FONDUE: an algorithm to find the optimal dimensionality of the latent representations of variational autoencoders
Lisa Bonheme, Marek Grzes

TL;DR
FONDUE is a novel algorithm that efficiently determines the optimal latent dimensionality of VAEs by analyzing intrinsic dimension discrepancies, reducing reliance on costly grid searches.
Contribution
The paper introduces FONDUE, a new method leveraging intrinsic dimension estimation to automatically select the appropriate number of latent variables in VAEs.
Findings
FONDUE accurately identifies the optimal latent dimension.
It reduces computational costs compared to grid search.

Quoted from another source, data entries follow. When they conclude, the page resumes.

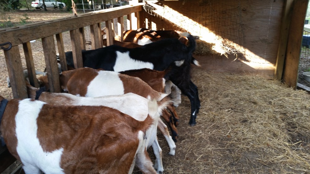 We don’t usually have kids so early. In general, the Nubians tend to start cycling in September here for Febrary-March kidding season. But the new headgate system allowed me to really keep the copper and mineral levels up in my herd this year, and I think that contributed to the increased fertility. In August, I had noticed the buck, Cookie (the black goat in the photo above – he comes in for a treat and minerals too), was in rut. It’s easy to see, since he was incredibly stinky and dripping with urine, and kept peeing on his beard (it’s a weird goat attractiveness thing). I couldn’t tell WHY he was in rut. I run all my goats together during the summer, when usually no one is in heat.
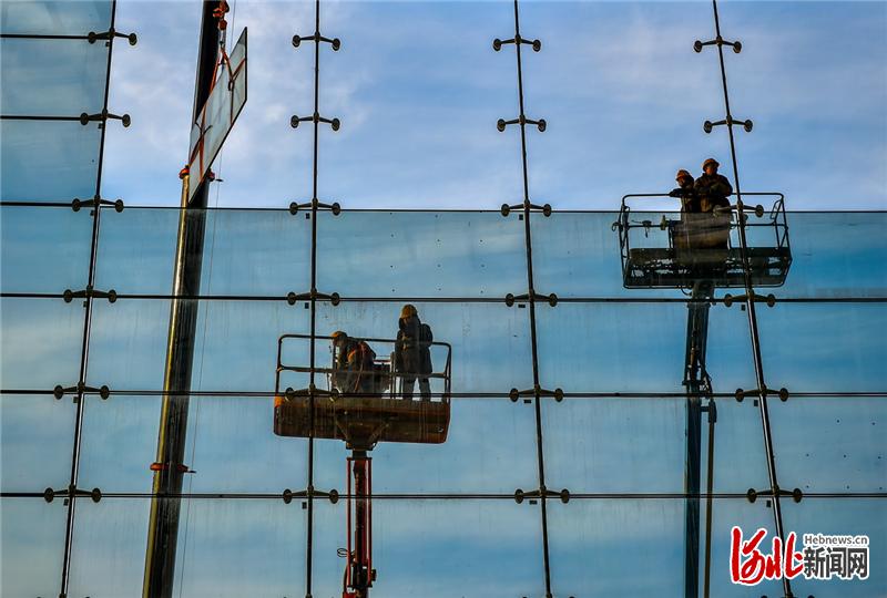 2020年12月2日,施工人员在安装玻璃幕墙。
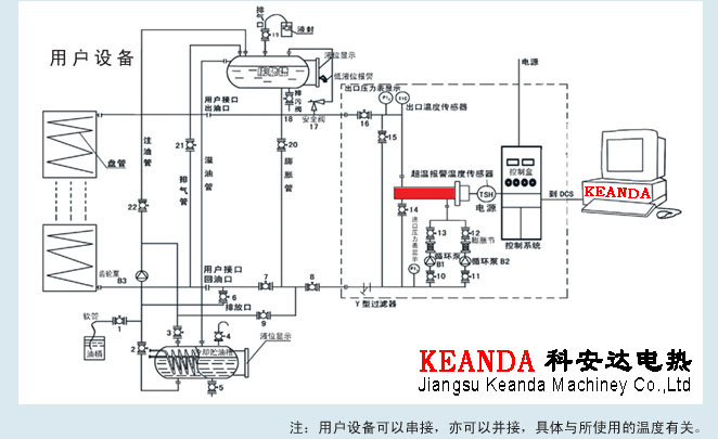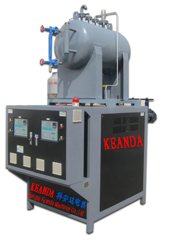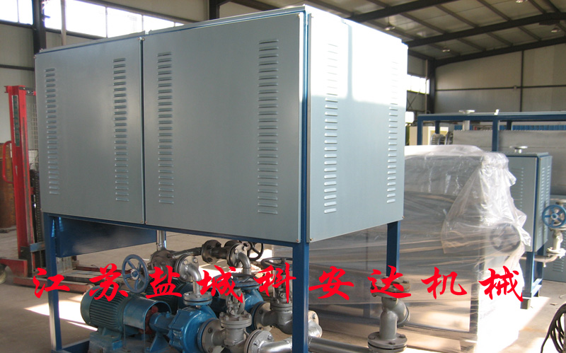 導(dǎo)熱油爐(又稱導(dǎo)熱油加熱器)是將是將電加熱器直接插入有機載體(導(dǎo)熱油)中直接加熱,利用循環(huán)泵,強制導(dǎo)熱油進(jìn)行液相循環(huán),將熱量傳遞給用一個或多種用熱設(shè)備,經(jīng)用熱設(shè)備卸載后,重新通過循環(huán)泵,回到加熱器,再吸收熱量,傳遞給用熱設(shè)備,如此周而復(fù)始,實現(xiàn)熱量的連續(xù)傳遞,使被加熱物體溫度升高,達(dá)到加熱的工藝要求。
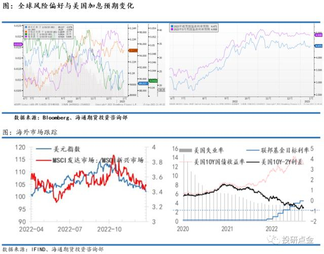 从分项结构角度来看,本次CPI数据并不算理想。本次CPI环比为负值最主要还是受能源价格大幅下行的影响,反观核心CPI环比数据却仍在继续走高。从整个一季度角度来看,美国经济和就业还是有一定的韧性。另外原油价格近期有一定反弹,而由能源价格回落带来的通胀数据继续大幅走弱概率还是比较低的,因为通胀自身在核心服务项里还是存在比较强的韧性,所以一季度来仍要警惕市场风险偏好回落的风险。
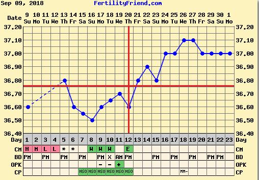 Dnes 16dc - prvý deň vyšších teplot ako v 6 predchádzajúcich dňoch. Hlien je zmeneny na creamy-watery. Folikuli su približne 20 a 16mm.
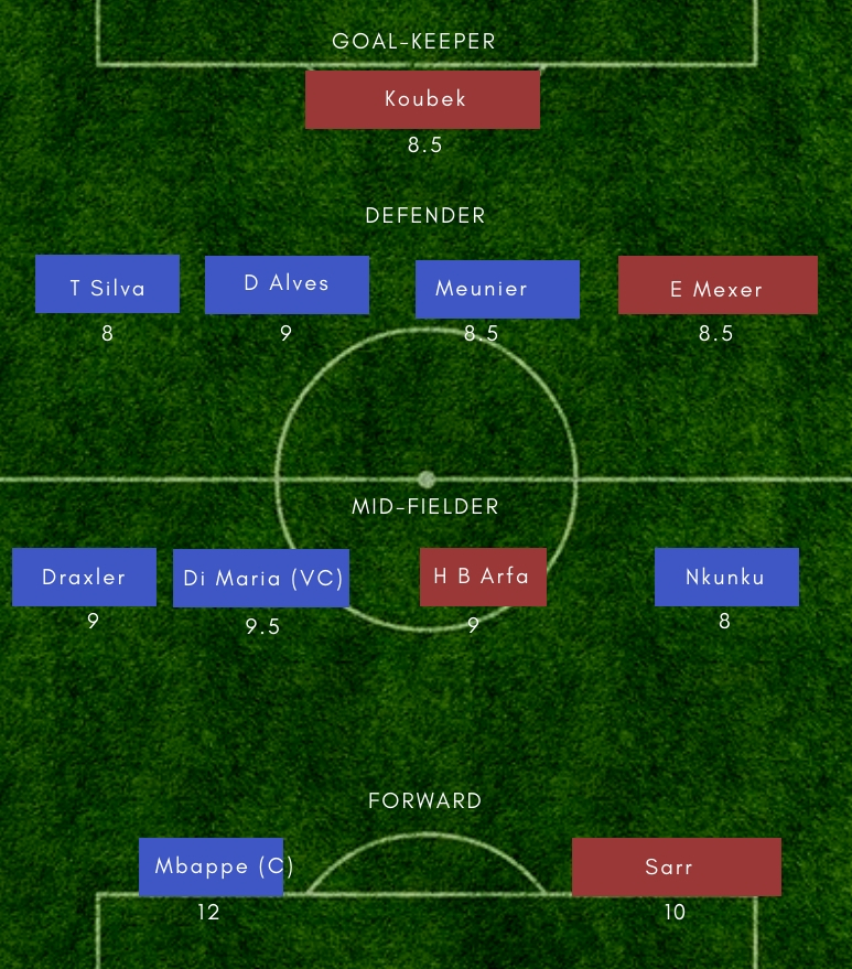PSG vs REN Dream11 Playing 11 – (Probable) – Paris Saint-Germain– Areola / Buffon (GK), Kurzawa, Silva, Kehrer, Meunier, Draxler, Marquinhos, Maria, Mbappe, Diaby, Cavani Stade Rennais– Koubek (GK), Traore, Gelin, Mexer, Zeffane, Grenier, Andre, Bourigeaud, Castillo, Arfa, Sarr
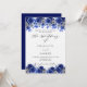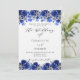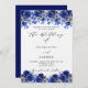 Royal blue white florals script luxury wedding invitation
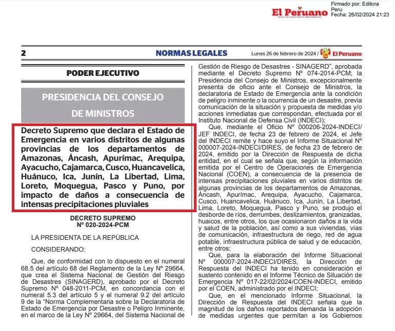 En edición extraordinaria de las Normas Legales del diario El Peruano, el Poder Ejecutivo oficializó la declaratoria del estado de emergencia en 100 distritos del territorio peruano por los daños ocasionados por las intensas lluvias. Según se detalló la medida aplica en las regiones de Amazonas, Áncash, Apurímac, Arequipa, Ayacucho, Cajamarca, Cusco, Huancavelica, Huánuco, Ica, Junín, La Libertad, Loreto, Moquegua, Pasco, Puno y Lima.
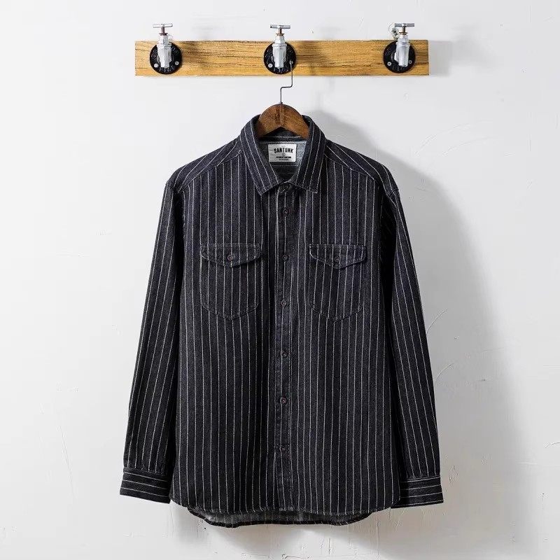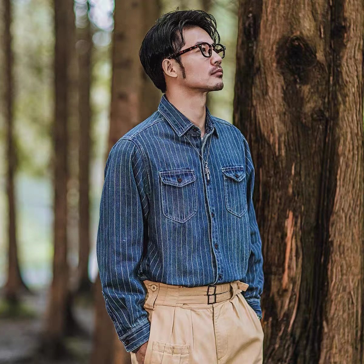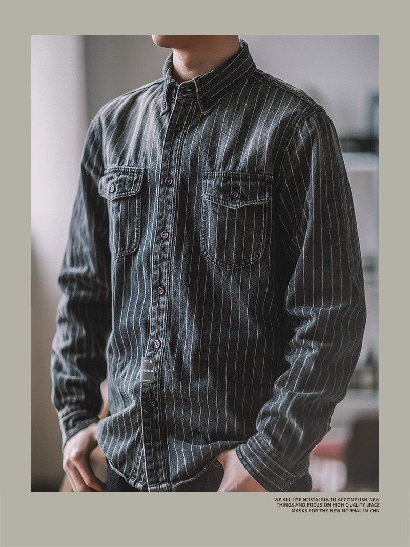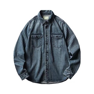 CAMPING露营长袖 复古条纹衬衫 衬衣户外丹宁外套 重磅美式 STK野奢
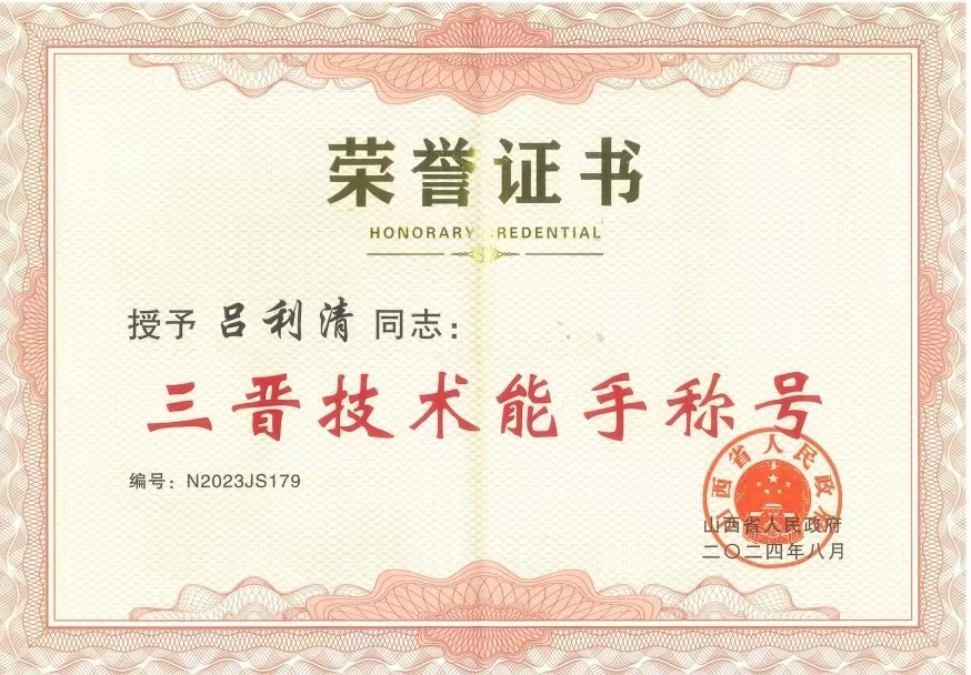 近日,山西省人民政府印發(fā)《關(guān)于授予2022—2023年度職業(yè)技能競賽優(yōu)秀選手“三晉技術(shù)能手”稱號的決定》,對2022—2023年度在省級以上職業(yè)技能競賽中取得優(yōu)異成績的517名選手予以表彰。其中,我公司呂利清榮獲“三晉技術(shù)能手”稱號。

The method detects passive variables in latent space.
Abstract
When training a variational autoencoder (VAE) on a given dataset, determining the optimal number of latent variables is mostly done by grid search: a costly process in terms of computational time and carbon footprint. In this paper, we explore the intrinsic dimension estimation (IDE) of the data and latent representations learned by VAEs. We show that the discrepancies between the IDE of the mean and sampled representations of a VAE after only a few steps of training reveal the presence of passive variables in the latent space, which, in well-behaved VAEs, indicates a superfluous number of dimensions. Using this property, we propose FONDUE: an algorithm which quickly finds the number of latent dimensions after which the mean and sampled representations start to diverge (i.e., when passive variables are introduced), providing a principled method for selecting the number of latent…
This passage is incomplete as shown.